Against this backdrop, she’s out on a dive with Captain Leroy when they come across what she learns is called a “square grouper,” a bale of marijuana wrapped in black garbage plastic and bound with twine. Leroy explains they will call the Coast Guard when they are closer to the dock and turn it in.

Checking the bundle, the two find a coin from 1733, and a list of names on a brittle page in between the drugs. Also in the bundle is a GPS tracker, and before they can get their divers aboard and take off for safety, a speed boat appears and starts shooting at them.

As they speed for the dock, Mer pushes the bale off the boat and the speedboat veers off.
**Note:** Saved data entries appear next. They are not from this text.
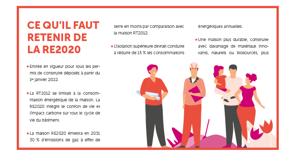 Dans la continuité de la RT2012, la RE2020 vise à diminuer de 30 à 40 % la consommation énergétique globale des maisons en comparaison avec la RT2012. L’isolation de votre maison est renforcée pour diminuer les besoins en chaud et en froid. Une meilleure isolation, plus de confort, moins de consommation !
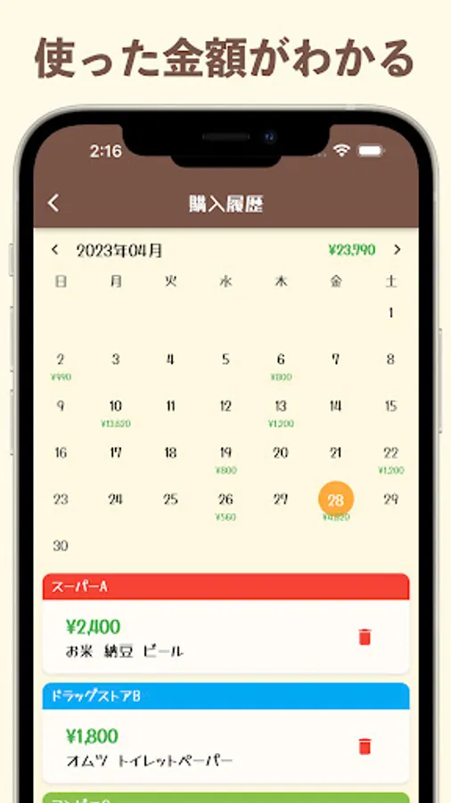 You can also use it as a household account book app because you can see the monthly and daily purchase amount at a glance.
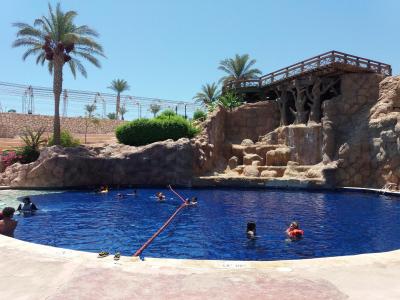 Hotel ma rozlehlou plaz, bazen pred hotelem nedoporucujeme protoze je plny deti a jejich rodin, ale nad potapecskym centrem jsou dva bazeny o kterych malo kdo vi, na osvezeni to staci. Vstup do more je z mustku, v nekolika mistech se muzete namocit v mori i u plaze, ale chce to boty do vody. Dulezite je vzit si sebou par metru snury na poveseni plavek a kolicky. Kdyz si uvedomite ze jste v Egypte a necekate zazraky, tak to tam na tyden krasne staci.
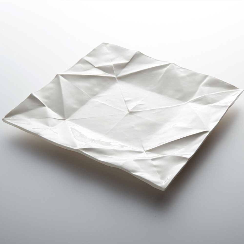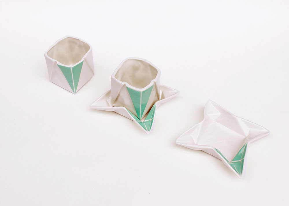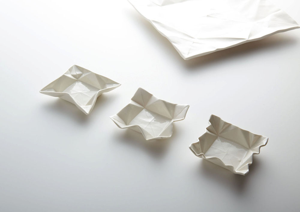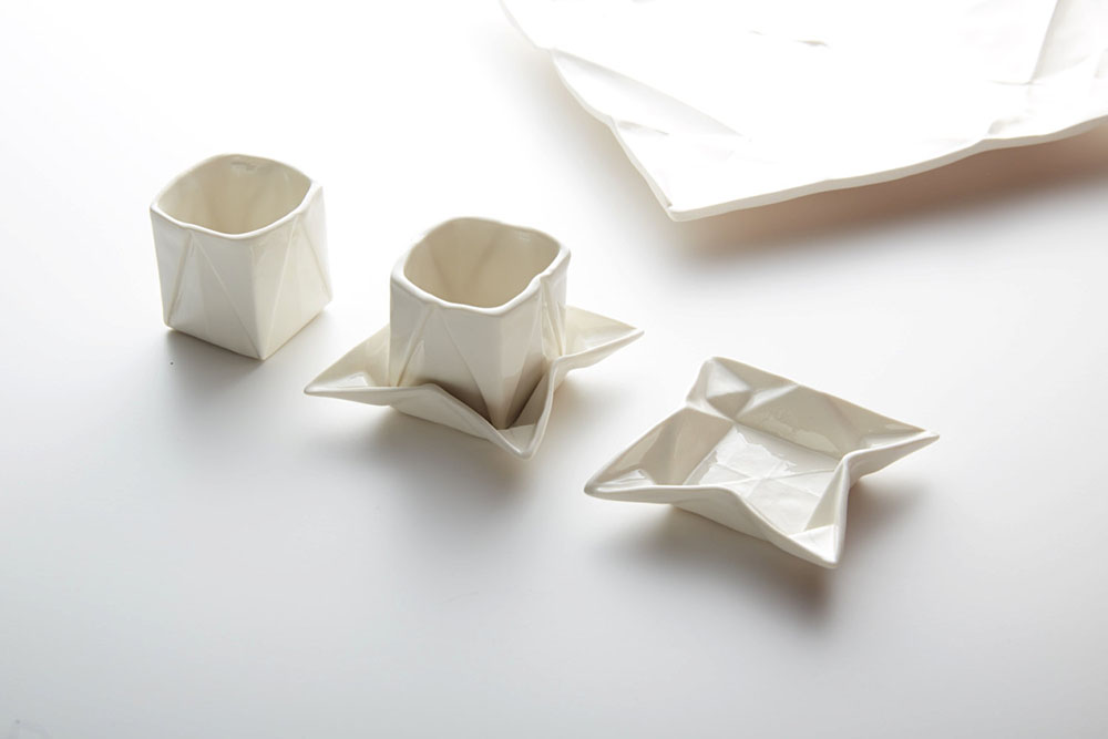 Tasarımcı ilk olarak kağıdı analiz etmek için origami şekillerinden izler oluşturuyor sonra da alçıdan kalıplarını hazırlıyor. Seramikteki nihai ürün katlanan kağıt yapısının görünümünü korur. Tasarımları arasında tabak, espresso bardağı katlanmış bardaklar ve bir kısmı boyalı geometrik vazolar bulunuyor.
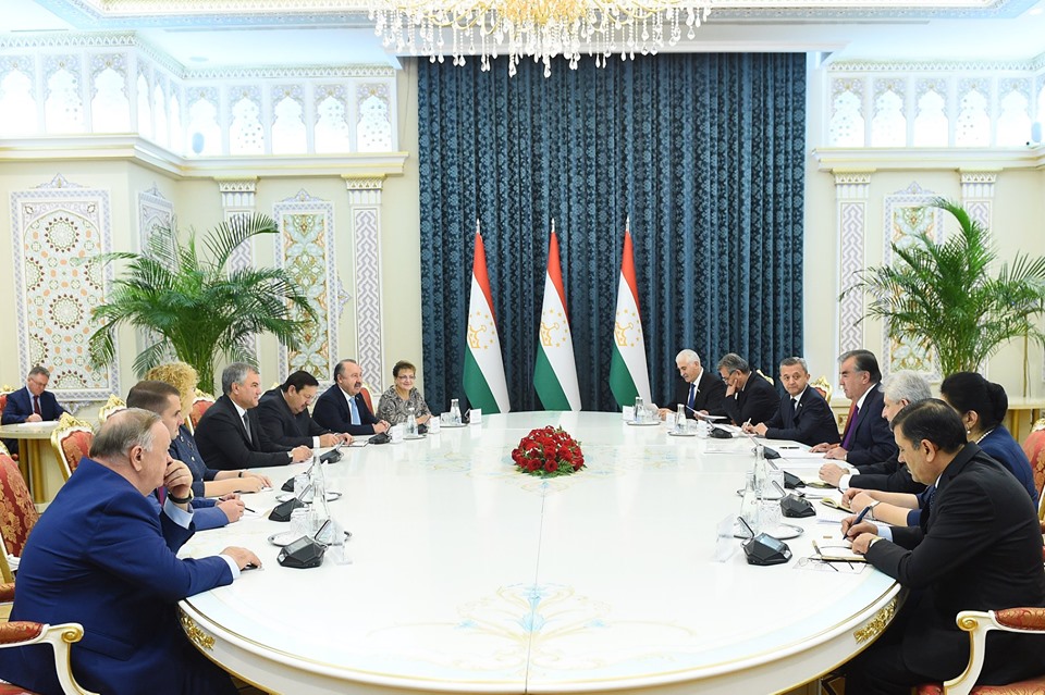 На встрече были обсуждены текущее состояние и перспективы развития таджикско-российских двухсторонних и многосторонних отношений, сообщает пресс-служба главы государства. Стороны отметили важность укрепления межпарламентских связей в рамках стратегического партнерства, как фактор содействия в развитии всего комплекса многогранного сотрудничества между двумя странами.
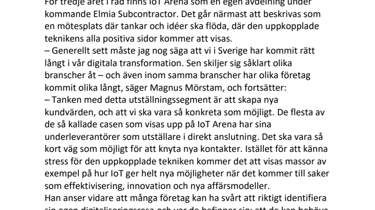 För tredje året i rad finns IoT Arena som en egen avdelning under kommande Elmia Subcontractor. Det går närmast att beskrivas som en mötesplats där tankar och idéer ska flöda, där den uppkopplade teknikens alla positiva sidor kommer att visas.
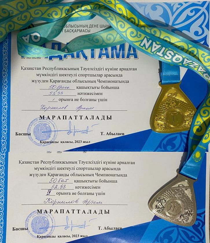 Ученик 5 А класса Корнилов Артем занял первое место на чемпионате Карагандинской области по плаванию среди спортсменов ко Дню Независимости Республики Казахстан.
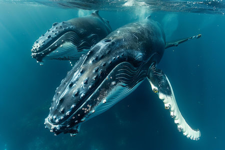 A mother whale and her calf glide together through the serene and clear blue ocean waters, highlighting their bond in natures tranquility.
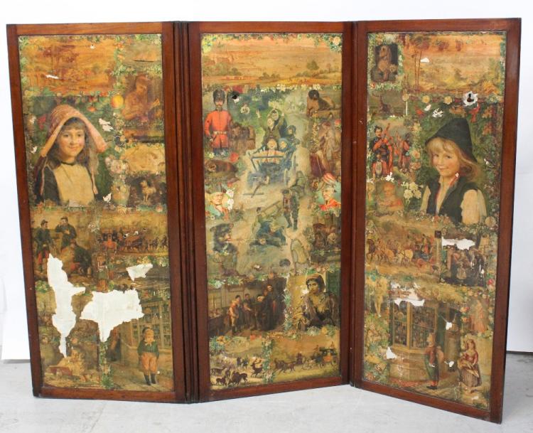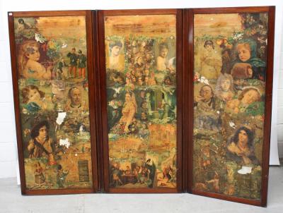 Lot 77 of 725: A Victorian three-fold decoupage dressing screen with brass hinge fittings, height 163cm.

But this is the just the start of the troubles that will come to roost upon Cavallo, as she’s kept the coin to track its provenance.

Cavallo sounds finds herself drawn into the world of pirates, legends, and an 18th century shipwreck in her research, but brushing up agianst. modern pirates, also after the treasure aboard this centuries-old Spanish galleon.

There will be museum paintings, a wheelchair-bound philanthropist and soon it turns personal against Cavallo and her home. With a man’s life hanging in the balance, she will do everything she can to find the culprit and the treasure.

In each book, the author describes what is real and what is fictional, but the strength of her diving background lends a serious realistic feel to those scenes. If you’re not a diver, you will learn about the process as you read. Likewise, her police background allows the investigation by the professionals to follow established procedures, even when those are sometimes at odds with what Cavallo would wish.

A fine action-packed series with a likeable protagonist.